将棋コンピューターソフトPONANZA対佐藤天彦名人の最後の電王戦が終わった。

後手PONANZAの初手42玉という意表の一手から始まったが、進んでみれば「角換わり」。
評価値が徐々にPONANZA側に有利になり、そしてPONANZAが完勝した。

解説の斉藤慎太郎七段が、名人に悪い手があったと思えない、というのがコンピューターソフトAIの人智を越えた強さを物語る。

敗局後、名人自身が語った「自分に思いつかない手」「自分と違う将棋観」という言葉が印象に残る。
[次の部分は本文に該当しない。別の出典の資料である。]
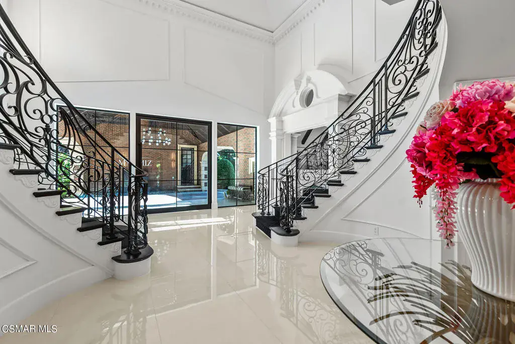 World Class Landmark Estate in guard gated North Ranch Country Club Estates ! Exquisite and completely re-imagined contemporary English Manor with panoramic fairway and mountain views! Designed and built with unparalleled quality, detail, and craftsmanship. Absolutely magnificent! Interior features include a grand two story entry with sweeping dual staircases, state of the art home cinema, billiard/game room, all new walk in wine cellar, and so much more. No detail or expense was spared to artistically craft this one of a kind showplace. The resort quality grounds are remarkable. Custom pool and spa, fireplace, outdoor kitchen, formal gardens and lush manicured lawns. All with total privacy and views! Other important features include privately gated entry, garages for 6 cars, a detached office with guest house above with separate entrance. There is also another detached guest/pool house with adjacent catering kitchen. One of Southern California’s most epic custom masterpieces!

本日で電王戦は終了するというのであるから、今日の一日は、将棋史における歴史的な一日であったことは違いないだろう。

近未来、人間の多くの職業はAIに取って代わられるだろうと予測されている。
しかし全ての職業がAIに取って代わられる訳ではない。
生き残る職業はおそらく「人間力」を伴うものだろうとも予測されている。
将棋界も無論同様の問題を突きつけられるだろう。
人間である棋士同士が闘うことによる「ファンへ訴える魅力」とは何か。

本日の歴史的な一日は、将棋界にとっては大きな一日であるが、それは同時に、「人間とは何か」「人間力とは何か」「人間ならでこそ、なし得ることとは何か」といった普遍的な問題を改めて突きつけた一日でもあったのである。

【5月21日追記】
電王戦終了後の記者会見を見ていると、叡王戦がタイトル戦に昇格することが決まったという。しかも、竜王位、名人位に次いで序列3位だという。佐藤会長は、それは契約金額の順だと発表している。
また叡王戦のタイトル戦7番勝負は、持時間を、1時間、3時間、5時間、そして6時間を組み合わせる変則7番勝負だという。これは面白い企画だが、何と、佐藤康光会長の発案だという。定跡にとらわれない力戦家佐藤康光九段らしい素晴らしい一手である。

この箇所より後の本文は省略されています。